Crude oil fell hard from yesterday's new two-year highs, but major-economy government bonds also fell further, extending Tuesday's sharp losses and driving 10-year US Treasury yields above 3.20% even as the US Dollar rallied sharply on the forex market.
Spot-market Silver Bullion prices lost more than 7% from yesterday's new 30-year high above $30.70 per ounce.
The Gold Price in Euros unwound the last of Monday's 1.9% surge to new record highs, trading back at last week's finish beneath €33,900 per kilo, while the single currency dipped below $1.32 on the forex market.
“Investors [in base metals] are clearly taking profits after the latest high-altitude flight,” reckons Commerzbank's commodities team.
"Liquidity is drying up before year-end, so even the most buoyant of asset classes, such as Gold Bullion, are affected,” says Jamie Spiteri, head of trading at Sydney's Shaw Stockbroking.
"Some investors who have sold their gold are buying back,” a Hong Kong dealer told Reuters on Wednesday.
"We don't see many people selling scrap gold.”
Scheduled to sell €5 billion in new government debt today, Berlin saw the yield on 10-year German Bunds rise to a 7-month high above 3.00% this morning.
Irish 10-year bond yields held steady above 8%, as the Dublin government won the first vote on its austerity budget announced Tuesday – needed to secure €85bn of emergency finance from Ireland's EU partners and the Washington-based IMF amid what finance minister Lenihan calls the “worst crisis in our history.”
Ten-year UK gilts also fell again in price, pushing their yield to new buyers above 3.50% for the first time since June.
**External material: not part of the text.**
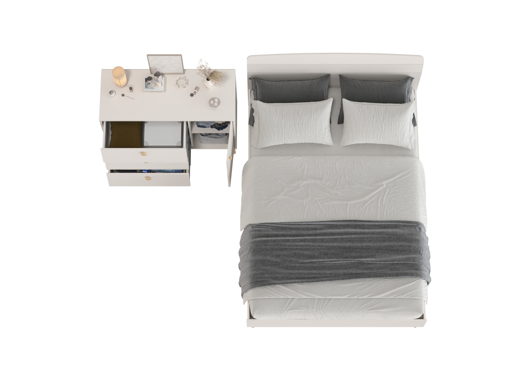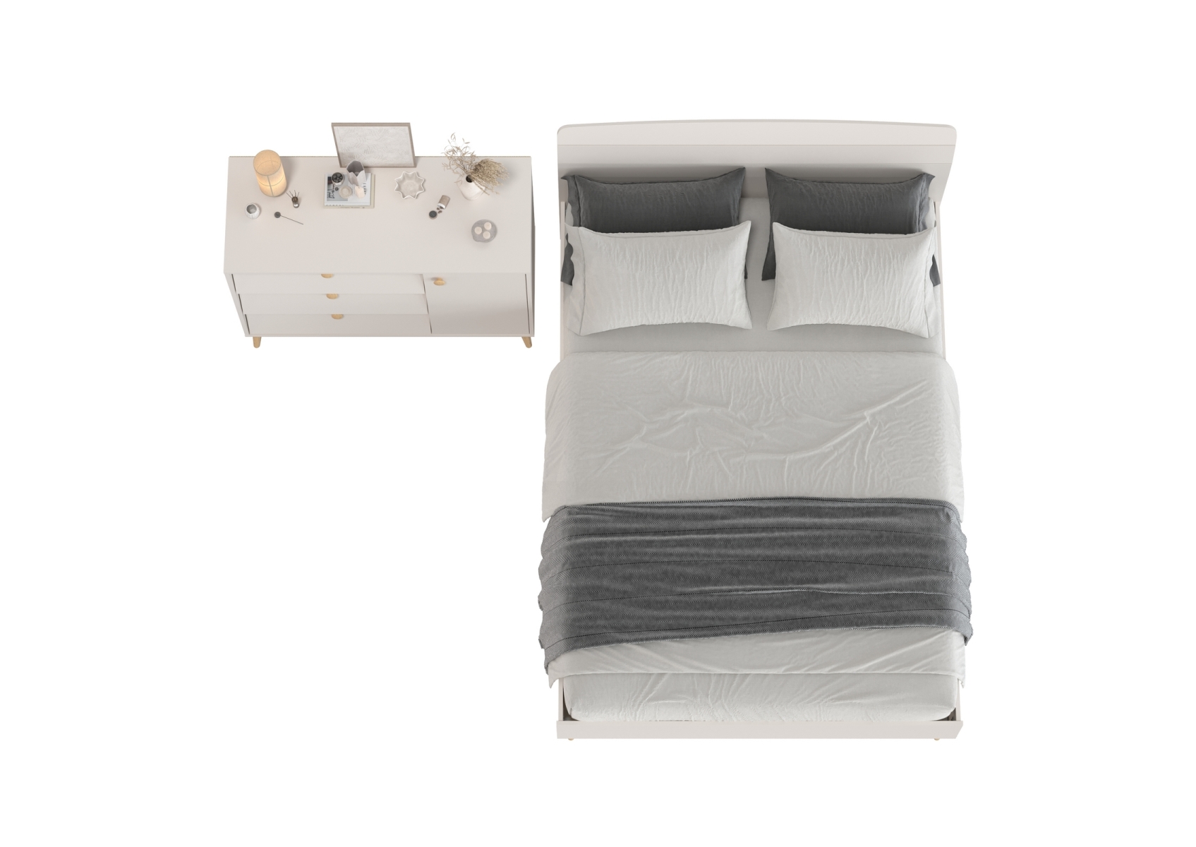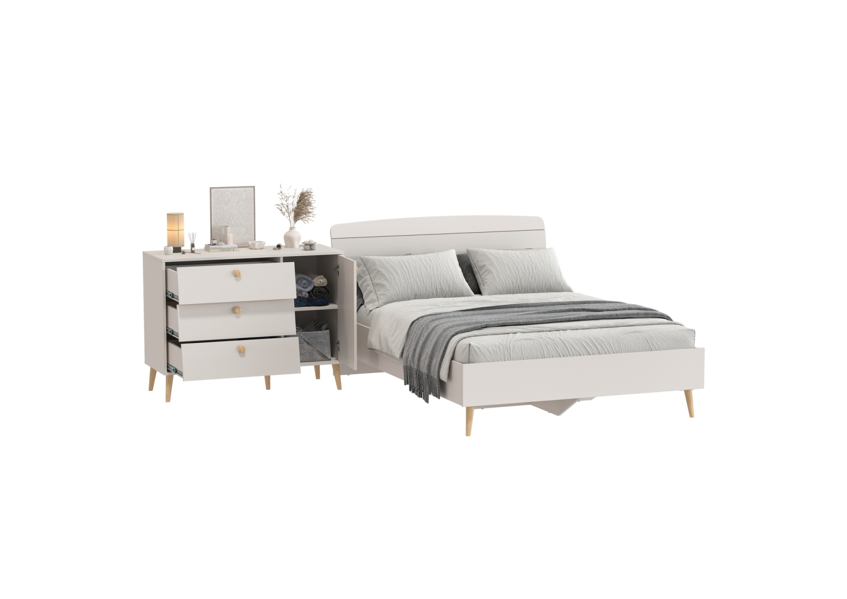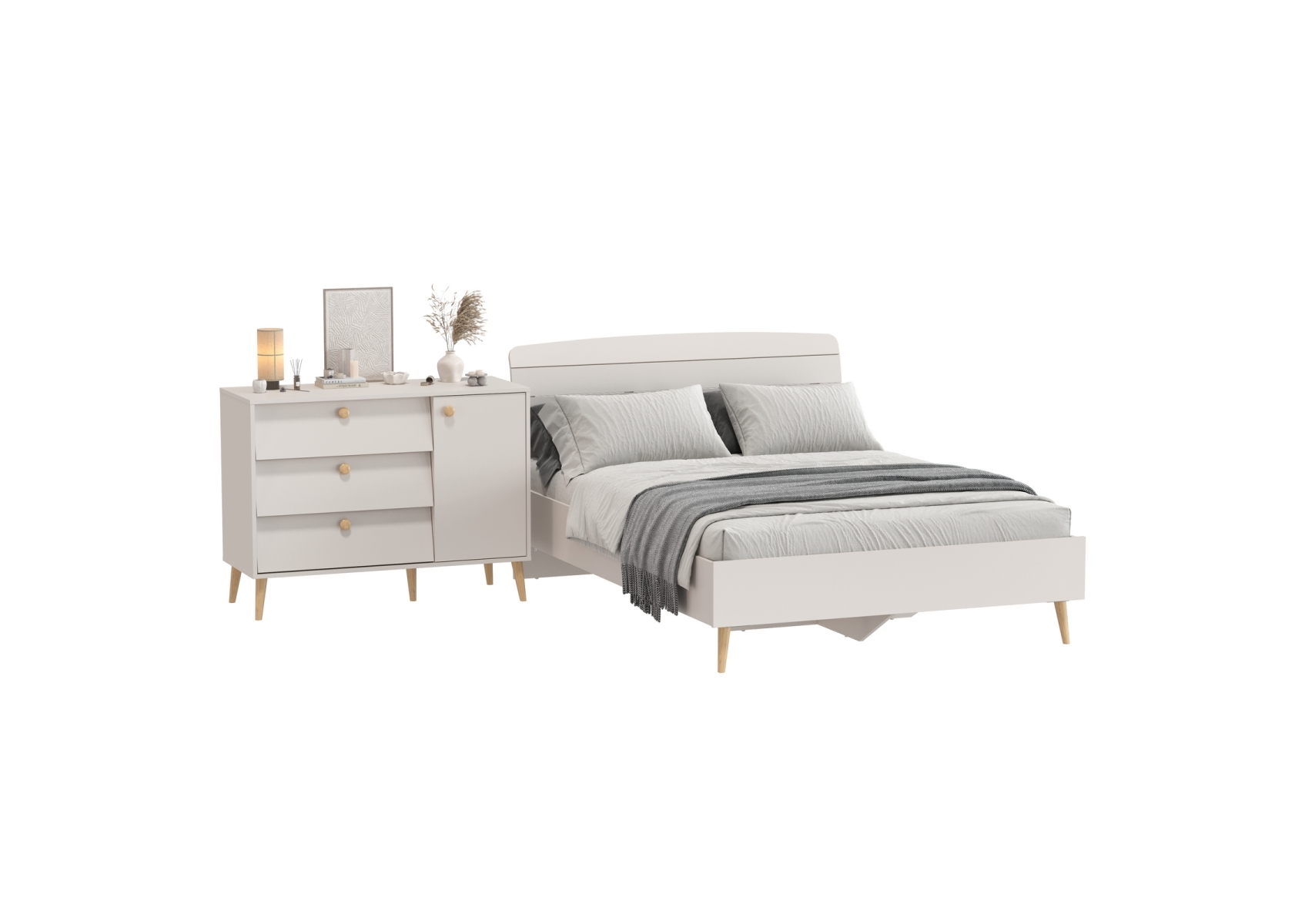 Комод на красивых ножках с тремя ящиками и дверкой и кровать Афина 1400 двуспальная. Цвет - кашемир серый. 2 предмета мебели. Комплектация включает кровать 1400 Афина 4-22911 и комод с дверкой и тремя ящиками Афина 4-44901. Цвет кашемир серый добавляет интерьеру уют и гармонию, прекрасно дополняя современный декор спальни.

US Treasury bonds fell further too, as the tax-cut and jobless benefit extensions agreed by President Obama and Republican lawmakers late Monday night were estimated at “between $700 billion and $800 billion if ultimately signed into law” according to CNN Money.
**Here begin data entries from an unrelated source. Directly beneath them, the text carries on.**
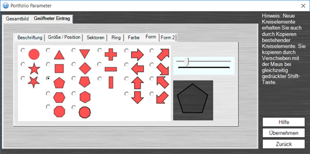 In diesem Fenster kann eine Form für das Portfolioelement ausgewählt werden. Mit dem Transparenzregler rechts lässt sich einstellen, wie stark der Hintergrund durch die Farbe des Elements durchscheint. So kann auch nur der Umriss angezeigt werden (Regler ganz nach links).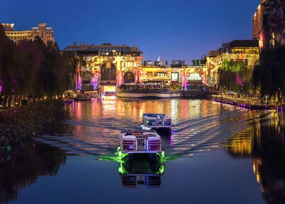 량마허 강변, 차오양 공원에서 시작된 2025 베이징 차오양 국제등광 소비시즌은 밤을 비추는 야간 관광 성대한 풍경을 조성하며, 다양한 빛과 그림자 쇼와 특별 공연을 선보인다.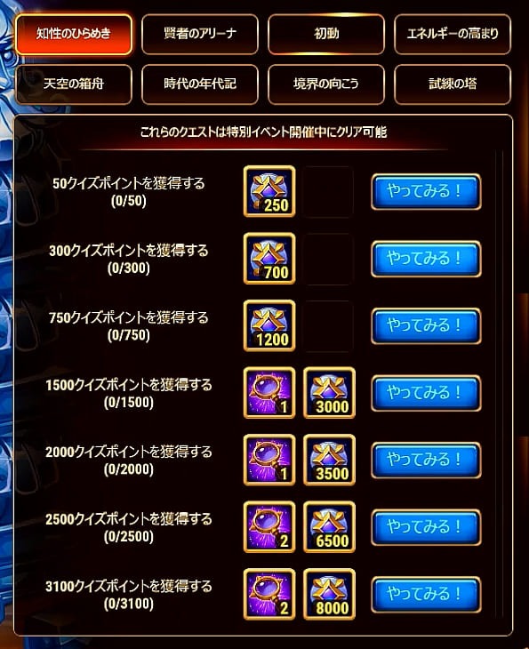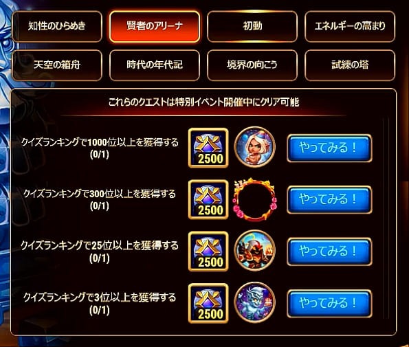 - イベント開始時にすぐにクイズに解答すると簡単に一位になれて、ドミニオン年代記の全てのアバターを獲得できます。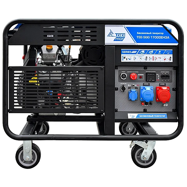Бензиновый генератор TSS SGG 17000EH3A - одна из самых мощных мобильных трехфазных установок бренда. Эта модель ориентирована исключительно на работу с высоконагруженными потребителями, которые рассчитаны на напряжение питания 380-400 В. Мощности 15.5 кВт будет достаточно для организации бесперебойного энергоснабжения оборудования промышленного класса - станка, подъемника, компрессора или насоса.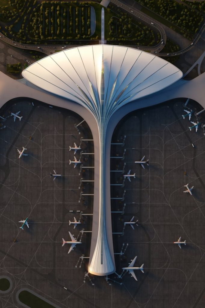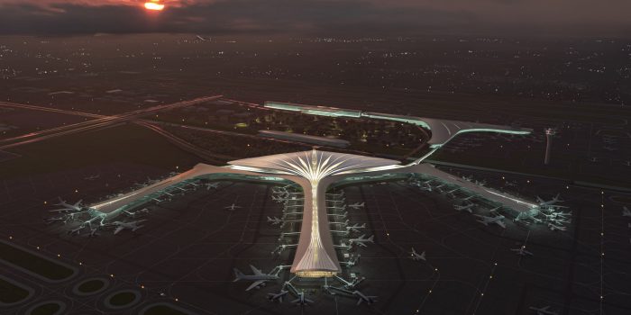 该方案是与中国机场规划设计院和北京建筑设计研究院合作设计的,是中国各地众多引人注目的新建或扩建机场之一。在全球和国内建筑师的监督下,不久前完成的项目包括由著名的扎哈·哈迪德建筑事务所领导的北京海星式的大兴国际机场,以及成都新天府国际机场,其形式向传奇的太阳鸟致敬。

“[Coming as] Obama’s deficit panel is trying to find ways to cut the $1.3trn budget deficit, [this] encourages the view that the Administration and Congress are not really interested in reducing the deficit,” says Steven Barrow, chief currency strategist at Standard Bank.
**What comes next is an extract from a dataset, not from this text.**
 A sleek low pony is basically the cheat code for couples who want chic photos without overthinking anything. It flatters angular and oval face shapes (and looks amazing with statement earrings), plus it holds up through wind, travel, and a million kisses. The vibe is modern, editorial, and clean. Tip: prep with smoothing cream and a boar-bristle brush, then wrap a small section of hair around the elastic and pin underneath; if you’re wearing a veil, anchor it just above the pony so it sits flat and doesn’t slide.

“The Eurozone seems to be in a very different place with its over-zealous deficit-reduction ambitions. [But] one cost of this...is the prospect of haircuts on future debt as policymakers try to shift the burden [of repayments] away from taxpayers.”
Back in the Gold Bullion market, “Record highs gave way to massive liquidation on Tuesday,” notes a London precious metals desk today, “as New York turned a seller of bonds and commodities.”
The jump in 10-year US Treasury yields to 3.00% and above “was a good enough reason to liquidate positions heading into year end and the selling momentum [in Gold Bullion ] was massive.”
Ten-year US Treasury bond yields today rose 3.25%, their highest level since June.
“After years of conveniently ignoring the issue and instead focusing efforts on pulverizing the Euro area, there appears to be a realization that the US has a massive Federal debt problem,” says Marc Ostwald at Monument Securities in London.
Calling the Eurozone debt crisis a “work in progress”, Ostwald believes that “A test of the 30-year downtrend [in US bond yields and thus interest rates] looks likely to be broken, and a run up to test 5.0% [on the 10-year] will mark the start of a long-term bear trend [in bond prices]...not only in the USA but around most of the G7 and Eurozone.”